Accepted for/Published in: JMIR Medical Informatics
Date Submitted: Mar 25, 2025
Date Accepted: May 17, 2025
An Intelligent Prediction Platform for Sepsis Risk Based on Real-Time Dynamic Temporal Features: Design Study
ABSTRACT
Background:
Given the critical role of real-time prediction models in the clinical diagnosis and management of sepsis, and the limitations of existing machine learning (ML)-based sepsis prediction models—such as poor real-time performance and insufficient interpretability—this study aims to develop a real-time sepsis prediction model that integrates high timeliness and clinical interpretability.
Objective:
The model is designed to dynamically predict the risk of sepsis in ICU patients and establish a practical, tailored sepsis prediction platform.
Methods:
Within a retrospective analysis framework, the model comprises a real-time prediction module and an interpretability module.

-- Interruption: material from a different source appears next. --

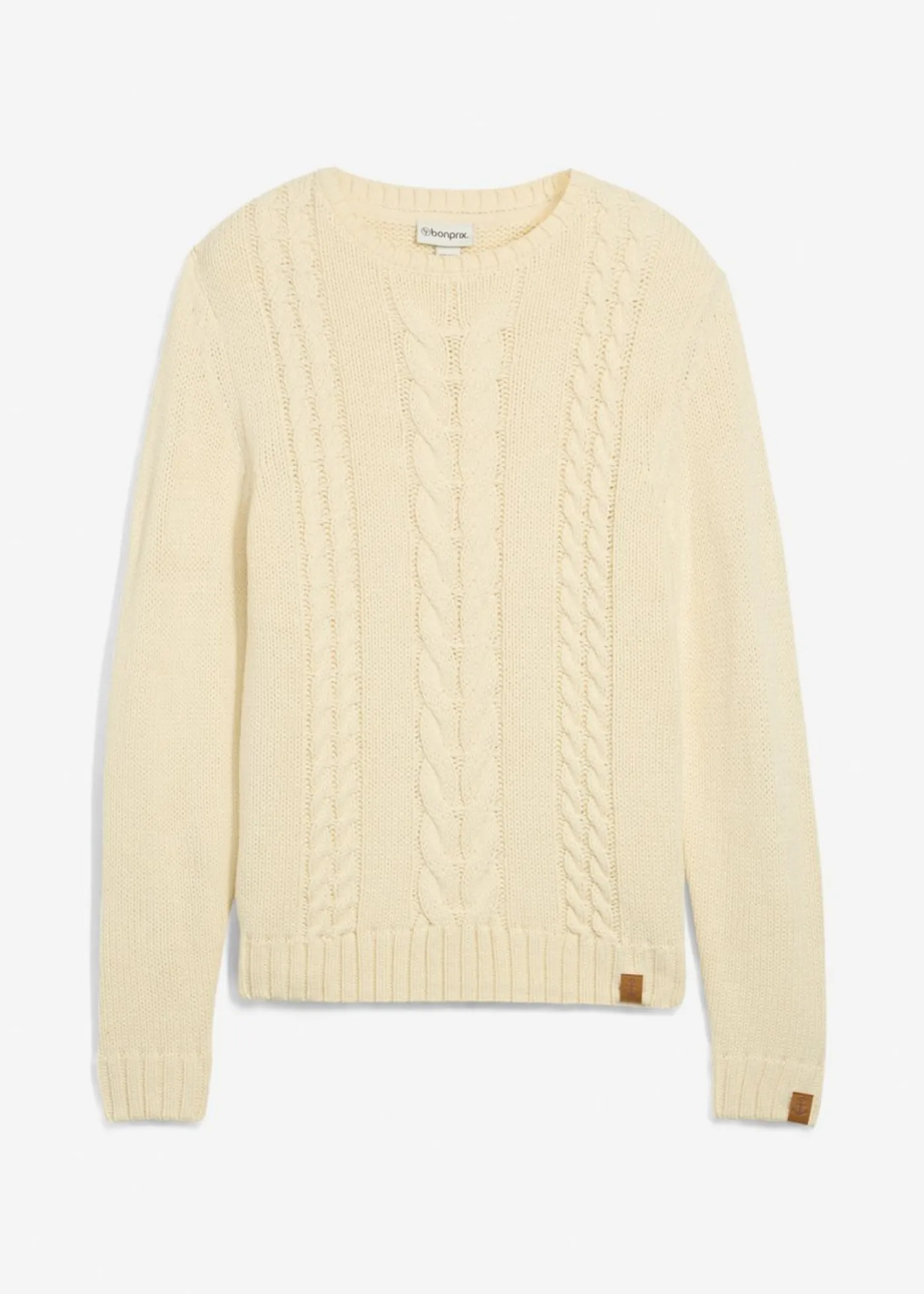 Bonito jersey con diseño trenzado, cuello redondo y detalles de piel sintética.

The real-time prediction module leverages 3-hour dynamic temporal features derived from eight non-invasive, real-time physiological indicators: heart rate (HR), respiratory rate (RR), blood oxygen saturation (SpO2), mean arterial pressure (MAP), systolic blood pressure (SBP), diastolic blood pressure (DBP), body temperature (Temp), and blood glucose (BG). Three linear parameters (mean, standard deviation, and endpoint value) were calculated to construct the prediction model using multiple ML algorithms. The interpretability module employs the Tree-based Shapley Additive Explanations (TreeSHAP) method to enhance model transparency through both individual prediction and global explanations. Finally, a web-based platform was developed to integrate prediction and interpretability functions.
Results:
The sepsis prediction model demonstrated robust performance in the test cohort (224 patients), achieving an Accuracy of 0.70 (95% CI: 0.68–0.71), Precision of 0.69 (95% CI: 0.68–0.71), F1-score of 0.69 (95% CI: 0.67–0.70), and Area under the ROC curve (AUROC) of 0.76 (95% CI: 0.74–0.77). The six most influential features for sepsis risk were temperature fluctuation coefficient (var-TEM), MAP fluctuation coefficient (var-MP), mean heart rate (mean-HR), mean respiratory rate (mean-RR), SpO2 fluctuation coefficient (var-SPO2), and SBP fluctuation coefficient (var-SBP). The TreeSHAP method effectively visualized feature contributions, enabling clinicians to interpret the model’s prediction logic and identify anomalies. The web-based platform (https://sepsis-vision-explanation.streamlit.app/) significantly enhanced clinical utility by providing real-time risk assessment, statistical summaries, trend analysis, and actionable insights.
Conclusions:
This platform provides real-time dynamic warnings for sepsis risk in critically ill ICU patients, supporting timely clinical decision-making.